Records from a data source
-- Opening Marker --

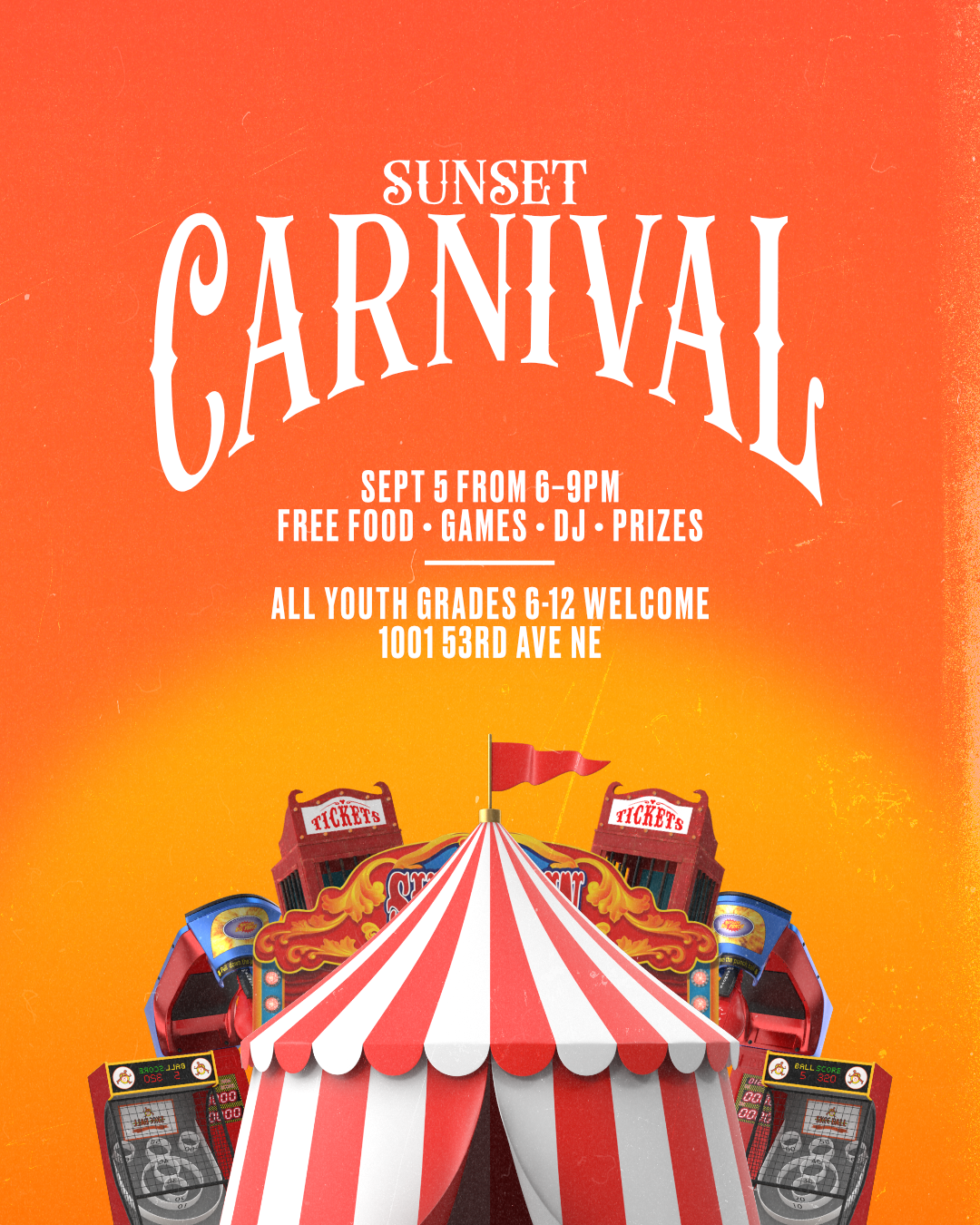 This event is only for students grades 6-12. Adults who are not our designated volunteers, or children under the age of 12 are welcome to attend other Connect events, but the Sunset Carnival and it's activities are ONLY for teenagers. Thank you for your understanding.
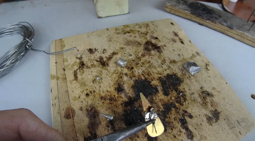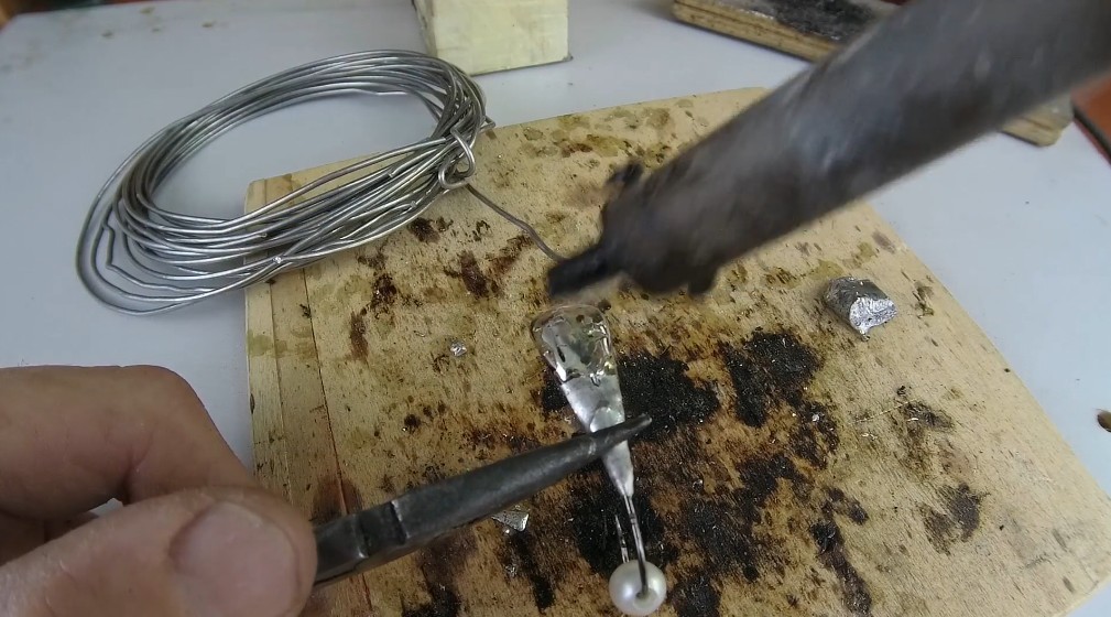Делаем небольшую петельку из проволоки, просовываем ее в отверстие будущей мормышки, разводим концы и фиксируем припоем.
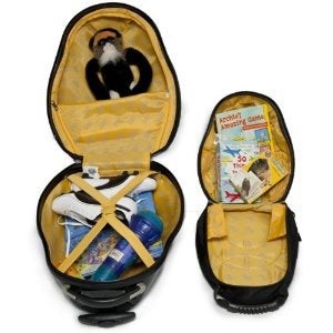 Trunki offers a novelty rectangular suitcase that doubles as a preschooler riding toy. While not commenting on any specific product, Jacobs says that it's important to clarify how you'd safely use a bag that a child can ride on: Would a toddler insist on trying to ride it in crowded or small spaces? If items of this sort might provide an enjoyable play option at a hotel room or grandma's house, consider how you will manage expectations en route.
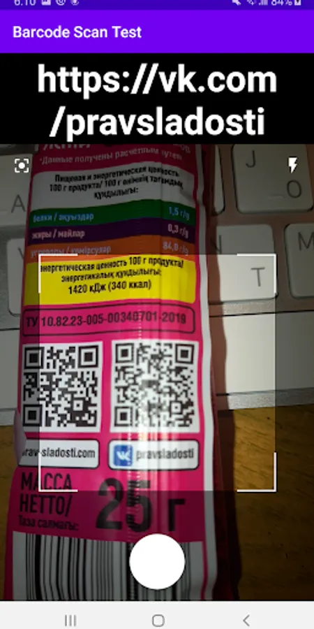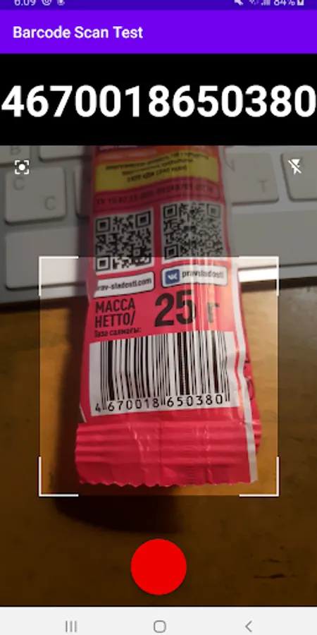 This application is written to test the ability of the phone’s camera to scan a barcode.
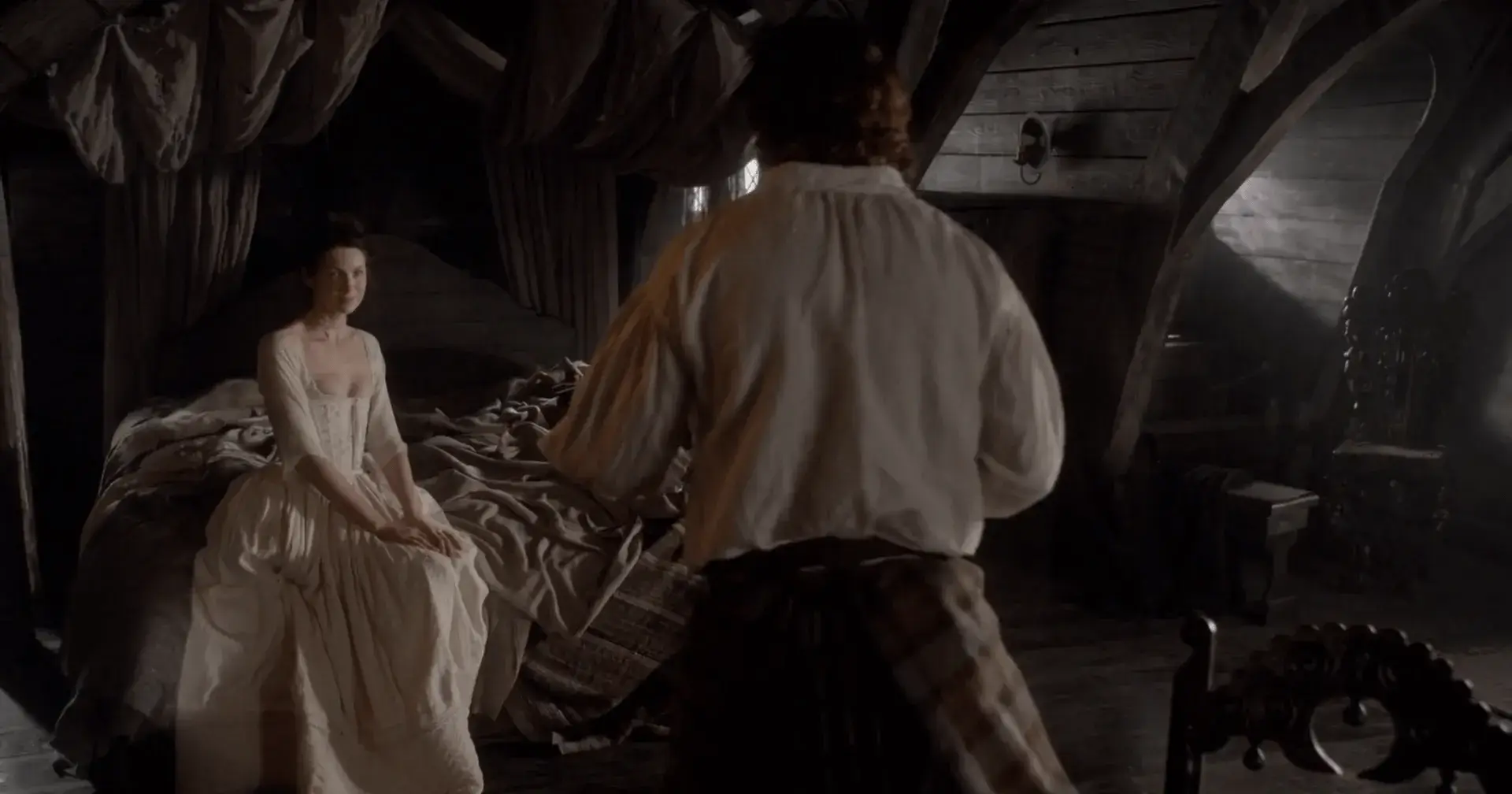 И вот настает час «Х», когда медлить уже нельзя. Будучи девственником, Джейми не знает, как подступиться к женщине, но Клэр всему его обучает. После одного раза пара не останавливается, и новобрачные становятся настоящими супругами.
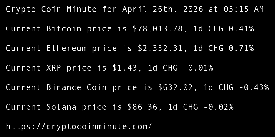 Crypto Coin Minute for April 25th, 2026 at 05:15 AM Pacific Time.
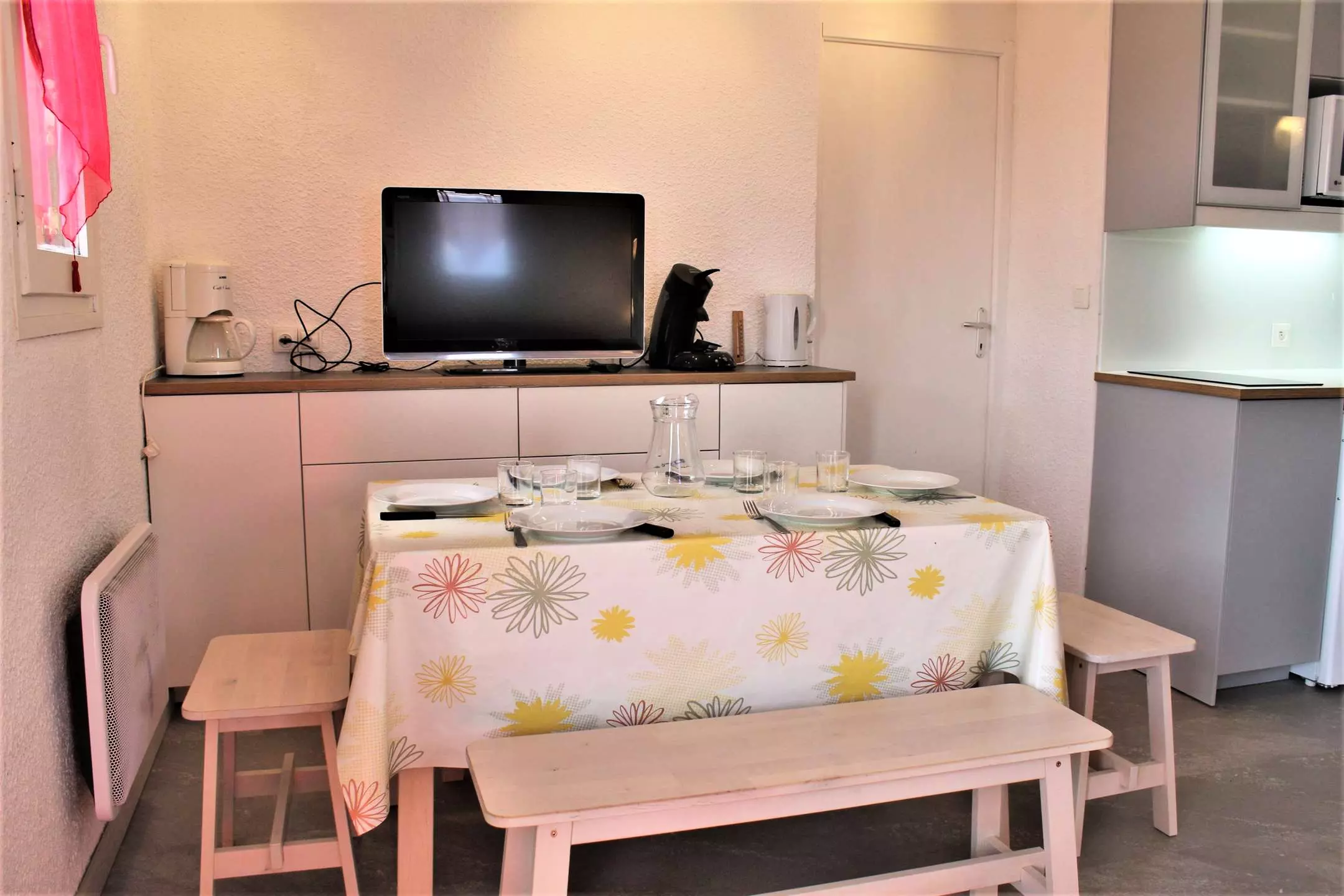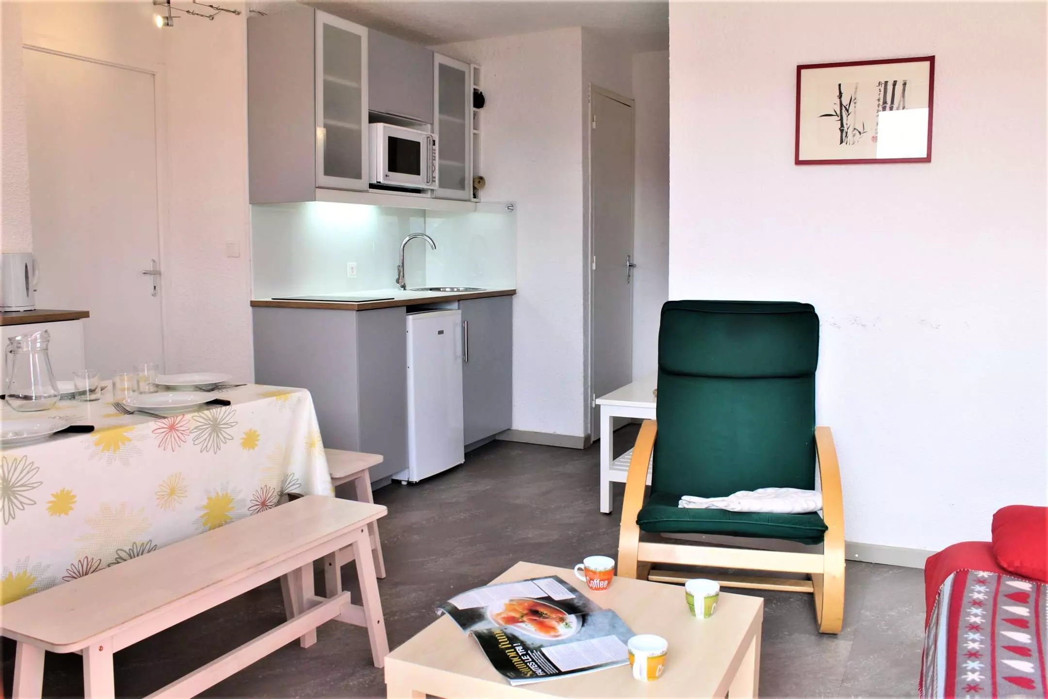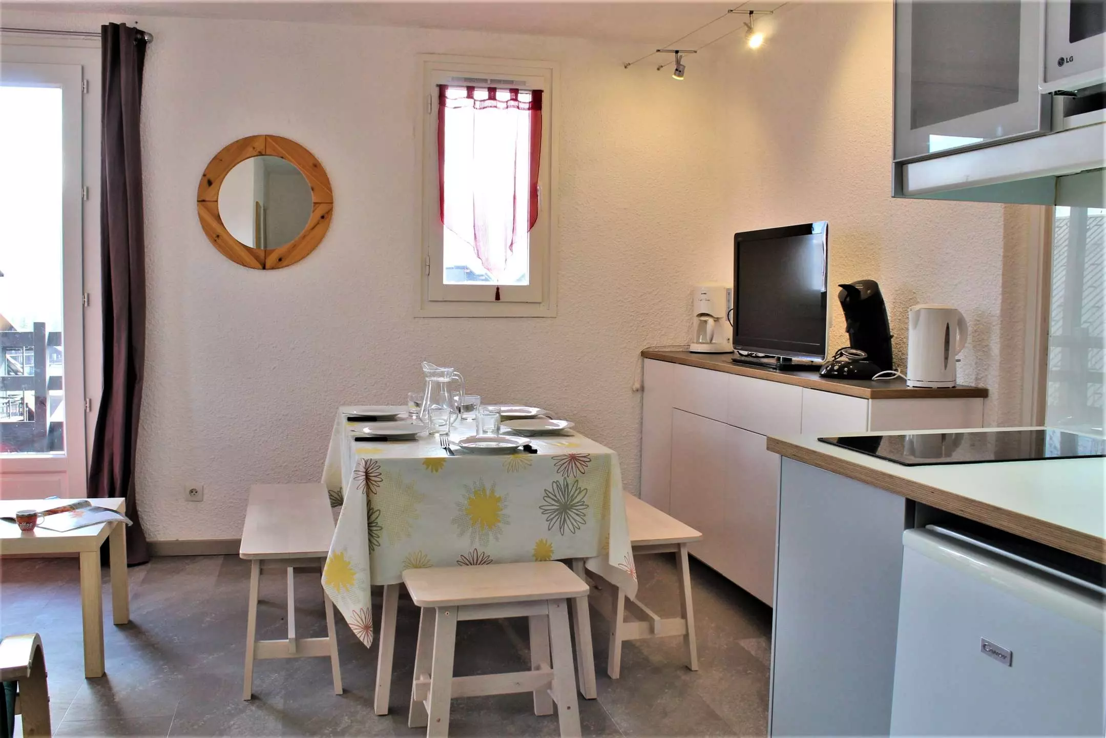 Située au 6ème étage (attention l'ascenseur s'arrête au 5ème), cette location de vacances est composée d'une cabine à l'entrée avec un lit superposé (2 couchages simples), et d'une chambre avec un lit en 140 donnant sur une salle d'eau avec douche. Il comprend également un séjour agréable avec un canapé convertible pour 2 personnes, et une jolie cuisine ouverte. Les WC sont indépendants. L'appartement dispose aussi d'un casier à ski.

-- Closing Marker --

DESCRIPTION OF THE TASK:
Could you set down verbatim the lines from the beginning of the entries above through the line containing "Trunki offers a", both included, leaving out the pictures?

SOLVED EXERCISE:
 This event is only for students grades 6-12. Adults who are not our designated volunteers, or children under the age of 12 are welcome to attend other Connect events, but the Sunset Carnival and it's activities are ONLY for teenagers. Thank you for your understanding.
Делаем небольшую петельку из проволоки, просовываем ее в отверстие будущей мормышки, разводим концы и фиксируем припоем.
 Trunki offers a novelty rectangular suitcase that doubles as a preschooler riding toy. While not commenting on any specific product, Jacobs says that it's important to clarify how you'd safely use a bag that a child can ride on: Would a toddler insist on trying to ride it in crowded or small spaces? If items of this sort might provide an enjoyable play option at a hotel room or grandma's house, consider how you will manage expectations en route.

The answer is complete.